* **Work required**
Copy the data exactly. Images are to be left out.

* **Data extract**
· · ·
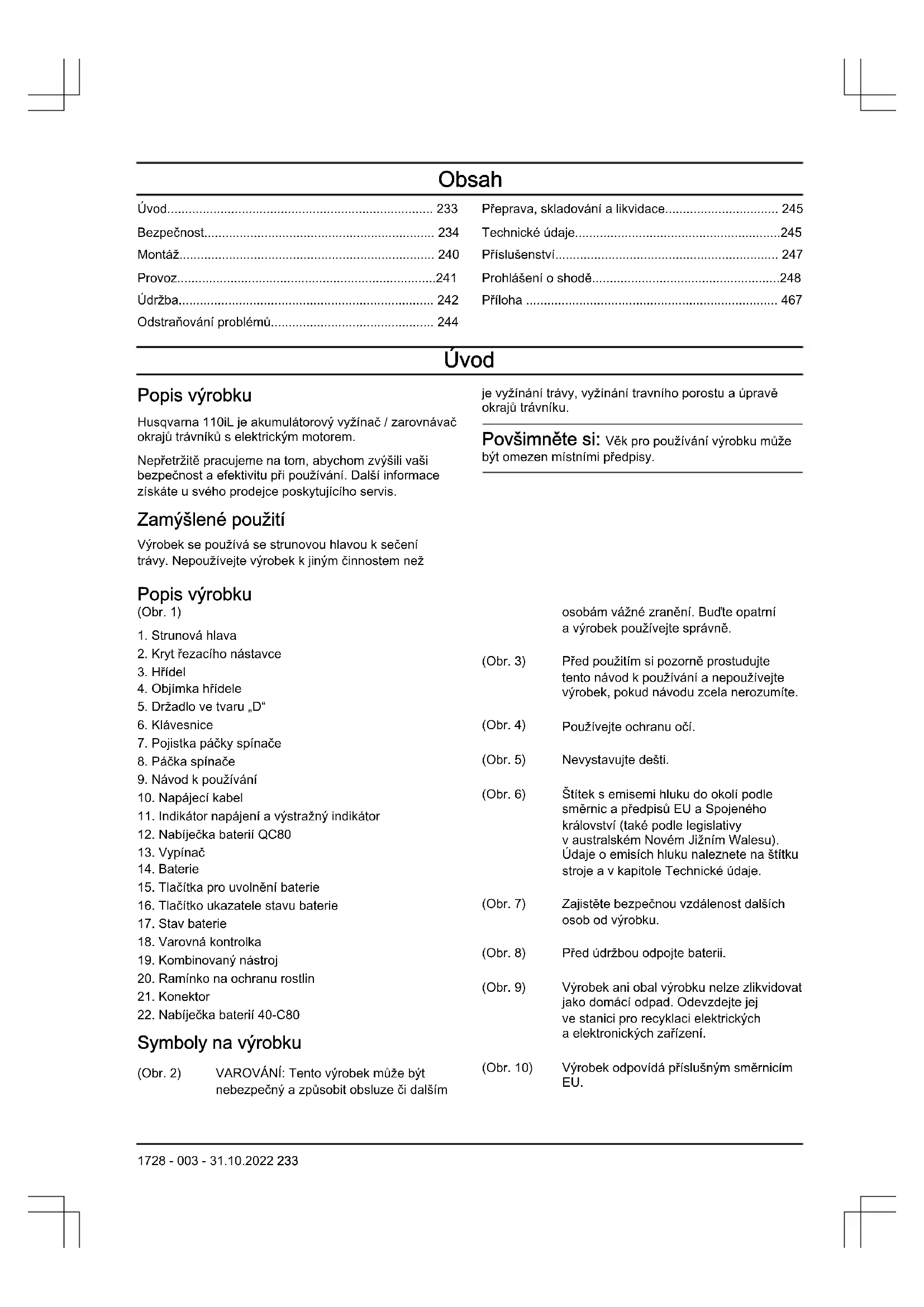 - Huskvarna, 2022-07-05 Claes Losdal, izpētes un attīstības nodaļas vadītājs, HusqvarnaAB Atbildīgais par tehnisko dokumentāciju 232 1728 - 003 - 31.10.2022Obsah Úvod p. 233
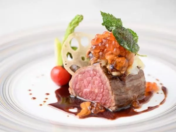 贅沢な味を堪能できる『鹿児島産黒毛和牛のステーキ(北海道ウニ、イクラ乗せ赤ワインとわさびのソース)』(コース料理より)
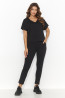 Elegants un reizē ērts adīts komplekts, kas apvieno "oversize" blūzi ar garām biksēm. Brīva blūze ar platām, īsām piedurknēm, rotāta ar burvīgu plāksnīti, harmoniski sader ar piegulošām garām "skinny" tipa biksēm, kas apdarinātas ar šuvēm visā garumā. Biksēm ir praktiskas sānu kabatas. Šajā komplektā jutīsieties brīvi un pārliecināti, vienlaikus saglabājot eleganci. Lieliski piemērots valkāšanai darbā, un, ja vēlaties atstāt iespaidu, noteikti kombinējiet to ar augstpapēžu kurpēm. Pieejams krāsās: gaiši bēšs, melns, šokolādes, šis komplekts ir lieliska jutekliska stila un komforta kombinācija pārliecinātām sievietēm.
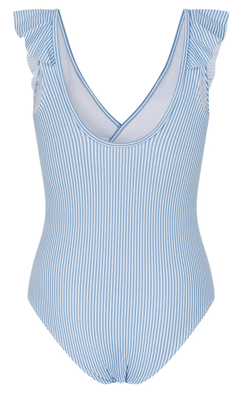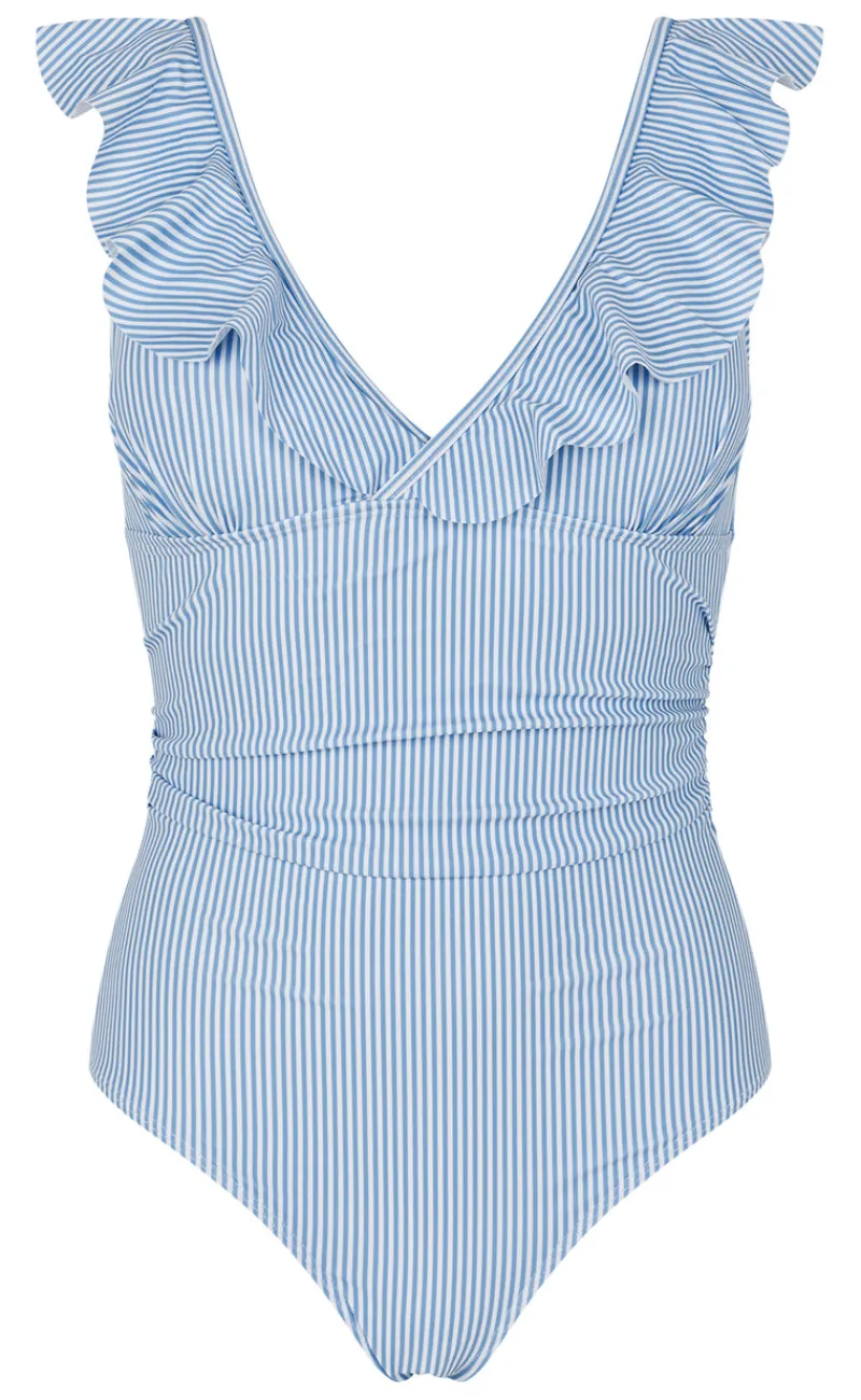 Blåstribet badedragt med de fineste flæse detaljer ved brystet og perfekt pasform
· · ·
* **The answer**
 - Huskvarna, 2022-07-05 Claes Losdal, izpētes un attīstības nodaļas vadītājs, HusqvarnaAB Atbildīgais par tehnisko dokumentāciju 232 1728 - 003 - 31.10.2022Obsah Úvod p. 233
 贅沢な味を堪能できる『鹿児島産黒毛和牛のステーキ(北海道ウニ、イクラ乗せ赤ワインとわさびのソース)』(コース料理より)
 Elegants un reizē ērts adīts komplekts, kas apvieno "oversize" blūzi ar garām biksēm. Brīva blūze ar platām, īsām piedurknēm, rotāta ar burvīgu plāksnīti, harmoniski sader ar piegulošām garām "skinny" tipa biksēm, kas apdarinātas ar šuvēm visā garumā. Biksēm ir praktiskas sānu kabatas. Šajā komplektā jutīsieties brīvi un pārliecināti, vienlaikus saglabājot eleganci. Lieliski piemērots valkāšanai darbā, un, ja vēlaties atstāt iespaidu, noteikti kombinējiet to ar augstpapēžu kurpēm. Pieejams krāsās: gaiši bēšs, melns, šokolādes, šis komplekts ir lieliska jutekliska stila un komforta kombinācija pārliecinātām sievietēm.
 Blåstribet badedragt med de fineste flæse detaljer ved brystet og perfekt pasform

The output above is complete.